Resume training can be useful in various contexts:
Pursue an existing training with the same parameters for a few more epochs
Pursue a training with new data for in-domain adaptation or incremental training
Change some settings between two runs
The first parameter that will trigger a training resume is: -train_from
At this point some parameters describing the topology will be loaded from the model itself, hence making useless these in the command line: layers, rnn_size, brnn, brnn_merge, input_feed,
[for developpers: you may want to raise a warning / error if command line include train_from and one of these options]
Then there are two options:
you want to keep the training setting. You need to set “-continue”. In this mode, the following parameters will be loaded from the model checkpoint itself: start_epoch, start_iteration, learning_rate, learning_rate_decay, start_decay_at, optim, optim_state and curriculum
You can change the data file for incremental / in-domain adaptation, plus set the end_epoch parameter.

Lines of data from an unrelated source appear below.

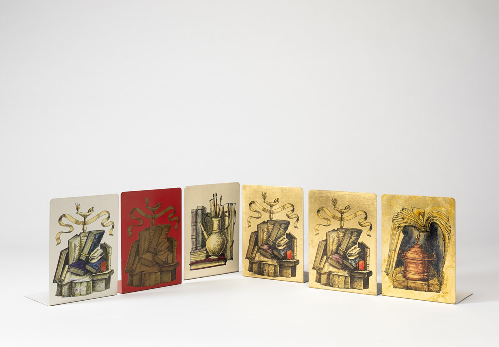 Lotto di sei reggilibri in metallo con diversi decori. Marcati sotto la base, Galbiati - Milano - Made in Italy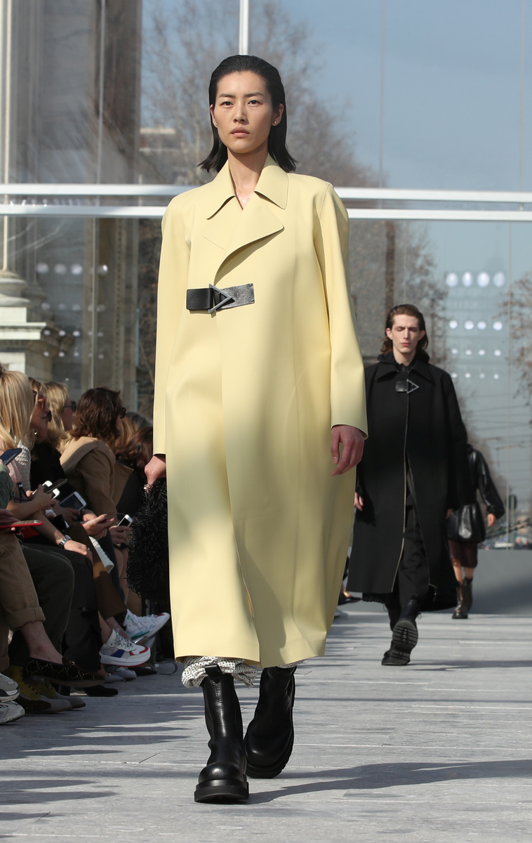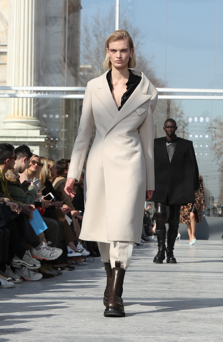 For men, there were knits, sometimes ribbed or with rolled up necks, deconstructed or slit, and with extra long sleeves. Tailored coats were sleek and worn over sheer-like tops. Trousers were tucked into chunky boots.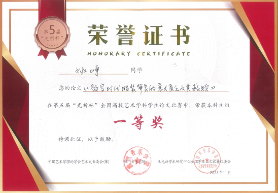 11月20日,第五届“光祈杯”全国高校艺术学科学生论文比赛结果揭晓,我校服装与服饰设计2020级姚峥撰写的论文《数字时代服装审美的意义匮乏及其救赎》脱颖而出,荣获本科生组一等奖,指导老师夏添获评“优秀指导教师”。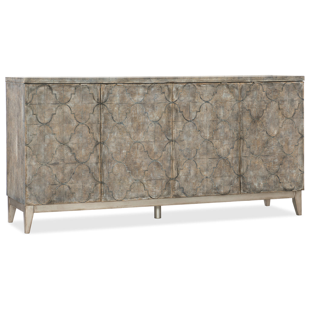 With a delicate and delightful grooved quatrefoil pattern on its doors, the Fairfax Credenza is crafted of Oak Veneers and Aluminum Sheet, accented with silver-colored zinc alloy tab pulls. The wood is in a distressed medium finish with hand planking. Four doors with one adjustable wood shelf behind each set of doors. Ventilated back panel.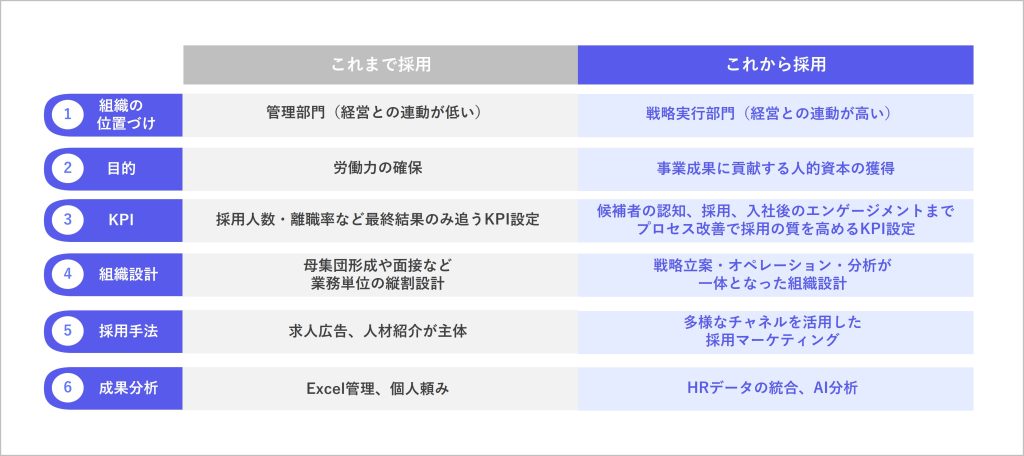 たとえば、これまでは「労働力の確保」を目的とした採用が中心でしたが、今後は 事業成長に寄与する人材をいかに獲得し、戦略的に配置できるかが重視されるようになります。採用KPIの考え方や体制設計、データ活用の範囲など、採用の在り方そのものが転換期を迎えているとも言えます。

[for developpers: you may want to raise a warning / error if command line includes these preloaded options ]
If you want to change the training setting (learning rate, decay, …) you need to start a new training curve.
In this case, you need to be specific with:
start_epoch ===> @guillaumekln [no check here versus last epoch run, right ?]
start_iteration, learning_rate, learning_rate_decay, start_decay_at, optim, optim_state and curriculum
end_epoch
I am unclear (but will EDIT when I know it] about some other options like:
max_batch_size
dropout
and a few other ones.
Thank you for this overview that needs to be maintained over time. Retraining can be ambiguous depending on the user’s goal: changing the training configuration vs. resuming a training that has stopped.
Yes, no check is done when -start_epoch is used. If used, it is a way for the user to simulate the continuity of the training but possibly with other options.
Also, changing -max_batch_size is another use case of retraining. You could start one epoch with a large batch size to quickly converge to a not so bad solution, then reduce the batch size for a more fine grain training. It can be changed with or without -continue.
I wonder why such 2 different cases ? I would have find much more intuitive to always use the “continue” option, and then, all other options defined on the command line overwrite options loaded from the model. Is this not the case ?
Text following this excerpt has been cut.